Automation, Scalability, and Efficiency

ProTECT is built to be run end-to-end without any user intervention. ProTECT is written in the Toil framework and will attempt to run the pipeline on the given input samples in a resource-efficient manner. The pluggable backend Toil APIs allow ProTECT to run on a single machine, a grid engine cluster, or a Mesos cluster setup on a local network or on AWS. Toil allows users to deploy scripts on Azure and Google cloud as well; however, ProTECT does not yet support these environments.

Users provide ProTECT a config file that details the input files and the various indexes and versions of tools to use during the run. ProTECT copies (or downloads) the files to a “file store” and then queues a graph of jobs for each input sample culminating in a ranked list of epitopes. The nodes in the graph are tuned to request an appropriate number of CPUs (for multithreaded jobs), memory, and disk space. Toil ensures that these queued jobs are spawned in a way that all available resources are utilized to the maximum extent. In practice, this means that smaller, low-compute, low-memory, short-duration jobs like variant calling, mutation translation, etc. from one sample can run parallel to higher-compute, high-memory, long-running jobs like alignment and haplotyping in another. The processing time of any single sample is strongly influenced by the long-running jobs but utilization of free compute to run queued short-jobs reduced the overall per-sample runtime.


We have described an efficient, automated, and portable workflow for the prediction of neoepitope candidates that can guide vaccine-based or adoptive T-cell therapies. We have shown that ProTECT scales well on a parallel processing environment and is highly efficient processing samples in large batches. On average, we processed a sample from end-to-end in 26.4 min when we ran 50 samples in a single batch on an eight-node cluster. We have shown that ProTECT is comparable to existing callers and improves on them by providing a ranked list of neoepitopes arising from SNVs, INDELs, and fusion genes. None of the currently published pipelines give results for all three types of mutations. Positive results from a clinical trial were ranked highly in our results, and we retrospectively identified additional events that could have been used in the trial. We identified recurrent epitopes arising from the well-documented TMPRSS2-ERG fusion, and these results suggest a peptide or RNA vaccine could be developed for one of the common breakpoints. While designed for use in the rapidly growing fields of cancer vaccines and Autologous T-cell therapies, ProTECT can also be used to understand the link between tumor mutational burden and response to checkpoint blockade therapies. It is our fervent hope that improvements in these fields will quickly establish neoepitope-targeted immunotherapies as standard-of-care for cancer treatment.

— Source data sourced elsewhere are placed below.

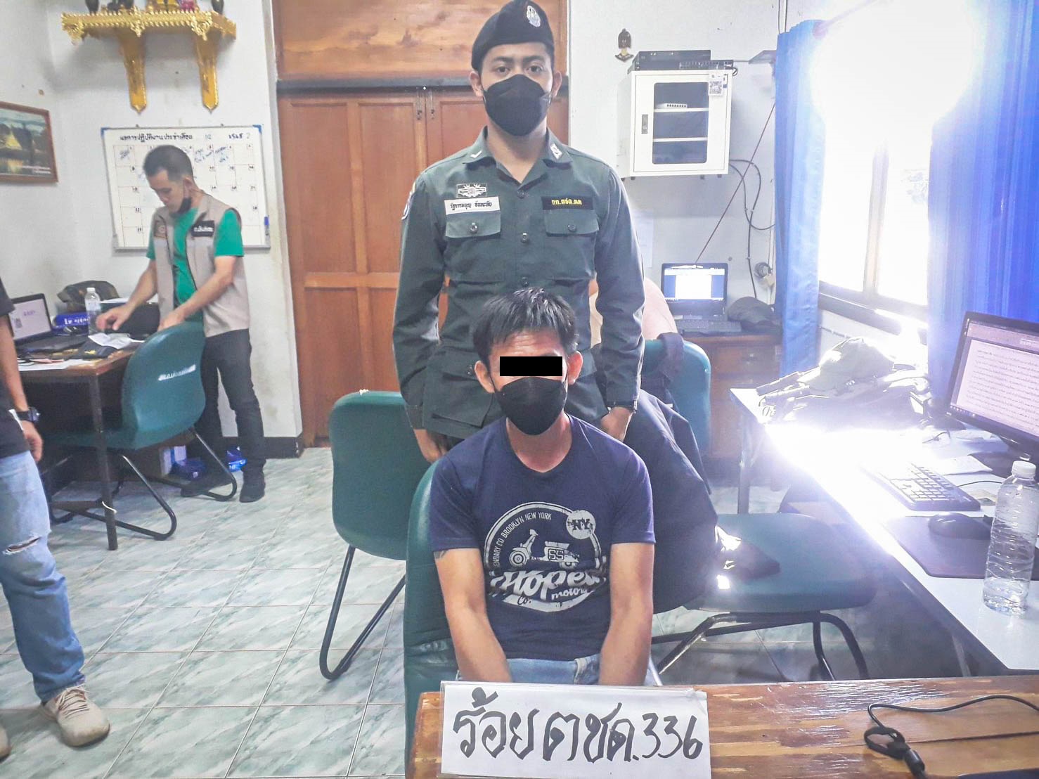 | ......... เมื่อ ๐๙๑๓๓๐ ก.ค.๖๕ ร.ต.อ.สำเริง ชำนาญ รอง  ผบ.ร้อย ตชด.๓๓๖ พร้อมกำลังพลรวม ๕ นาย บูรณาการร่วม เจ้าหน้าที่ตำรวจ  สภ.เมืองเเม่ฮ่องสอน, เจ้าหน้าที่ตำรวจ ตม.จว.เเม่ฮ่องสอน, เจ้าหน้าที่ทหาร  ฉก.ร.๗, เจ้าหน้าที่ทหาร ร้อย.ร.๗๑๑ และ  เจ้าหน้าที่ตำรวจท่องเที่ยว จว.เเม่ฮ่องสอน ได้ร่วมกันจับกุม นายประมวล ยะกันมูล (อายุ ๔๕  ปี) เลขบัตรประจำตัวประชาชน ๓-๕๐๑๓-๐๐๗๕๔-๑๒-๕ ที่อยู่ ๘/๒ หมู่ ๗  ต.เเช่ช้าง อ.สันกำเเพง จ.เชียงใหม่  พร้อมด้วยของกลาง รถยนต์กระบะ ยี่ห้อมิตซูบิชิ  สีขาว หมายเลขทะเบียน ยง ๙๙๖๕ เชียงใหม่ จำนวน ๑ คัน โดยกล่าวหาว่า ให้การช่วยช่วยเหลือ  หรือซ่อนเร้นด้วยประการใดๆ  เพื่อให้คนต่างด้าวที่หลบหนีเข้าเมืองโดยผิดกฎหมายพ้นจากการจับกุม
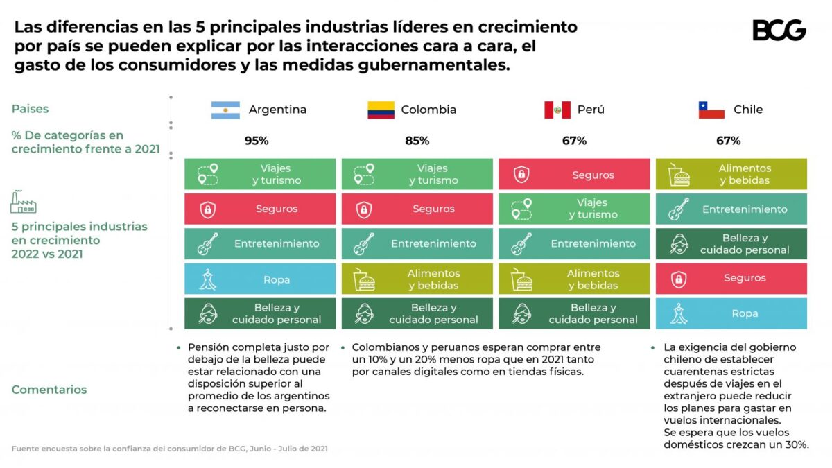 “Los tiquetes para vuelos internacionales y los alimentos orgánicos fueron las dos categorías con las perspectivas de gasto más positivas para 2022 en América del Sur”, confirmó la ejecutiva de Boston Consulting Group. “Los consumidores también esperan gastar más en ropa y equipo para hacer ejercicio, en Wi-Fi para el hogar y en nuevas tecnologías para el hogar. Dicen que usarán más aplicaciones para compartir viajes y gastarán más en bebidas alcohólicas y comidas en restaurantes”.
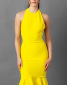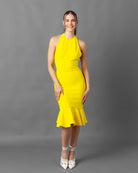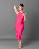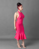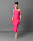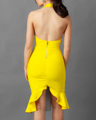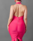 This Backless Halter Bandage Dress is perfect for your next girls' trip! Made from a form-fitting material that snatches your body fitting like it has built in shapewear. The back falls low and is complete with a zipper and hook eye closure. The back has a center scrunch that gives a wonderful butt lift shape.

Data Availability Statement

All datasets generated for this study are included in the article/Supplementary Material.

Author Contributions

AR, SS, and DH contributed to the conception and design of the study. AR developed the entire codebase available on github with significant contributions from JP. AM was involved with analyses on the 326 sample run. AR wrote the first draft of the manuscript; SS, DH, and AR contributed to manuscript revision. DH, SS, and BP acquired funding for this work. All authors contributed to the article and approved the submitted version.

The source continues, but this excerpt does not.